Other Important Macro Data and Events
President Biden nominated Federal Reserve Chair Jerome Powell to serve a second four-year term as head of the nation’s central bank, lifting expectations of policy stability as the Fed seeks to contain rising inflation. The nomination is widely expected to be approved by the Senate, and Powell’s new term would begin in February 2022.
Comments from other members of the FOMC about the potential to accelerate the tapering of the Fed’s bond purchases contributed to the less dovish outlook for Fed monetary policy and helped push Treasury yields higher. The minutes from the November FOMC meeting, released on Wednesday, also showed that some policymakers advocated for a quicker taper.
The yield of the 10-year U.S. Treasury bond was pushed up to 1.65% on Wednesday. The dollar index, which measures the greenback against six peers, edged lower from Wednesday's 96.938. However, it was up 0.73% on the week, recorded its fifth straight weekly gain.
Economic data were positive for the week - The number of Americans applying for unemployment benefits fell to the lowest weekly total since 1969, marking the eighth consecutive weekly decline. The 199,000 filings in the latest weekly count were down from 270,000 the previous week and was far below economists’ expectations. Fed's preferred inflation gauge in the PCE Price Index was up 5.0% YoY in October.

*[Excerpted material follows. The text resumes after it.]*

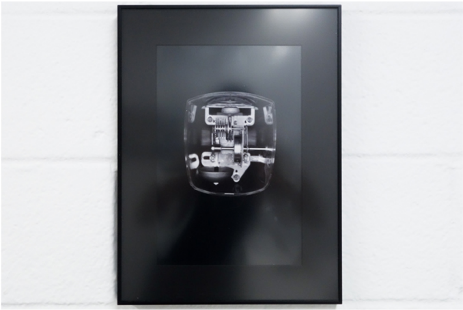
Untitled 2025 Giclée on deep metallic photo paper 12” x 8” (unframed) 16” x 12” x 1” (framed)

Core eurozone bond yields ended roughly flat after the coronavirus news dragged them off the week’s highs. However, peripheral eurozone bond yields stayed higher on inflation and the prospect of central banks tightening their policies, as did UK gilts.
The UK banned travel from South Africa and its neighbors to contain the new strain of coronavirus, with the EU expected for similar moves.
What Can We Expect from the Market this Week
Investors will come back from the weekend looking to determine if the market sell-off tied to a new COVID variant is overdone or if the pandemic recovery timeline is being pushed back. The selling pressure was not limited to travel and leisure stocks, as a risk-off trade swept over the tech sector, electric vehicle names and cryptocurrencies as well. It will be a busy week with a key OPEC meeting on the calendar and the November jobs report due out on Friday.
A monthly labor market update due out on Friday is likely to be the week’s most closely watched economic report. The data will show whether November maintained the pace of job growth seen in October, when the economy generated 531,000 new jobs—the biggest gain in three months—and unemployment fell to 4.6% from 4.8%.
Another important economic data being released this week include the consumer confidence index and the PMI index.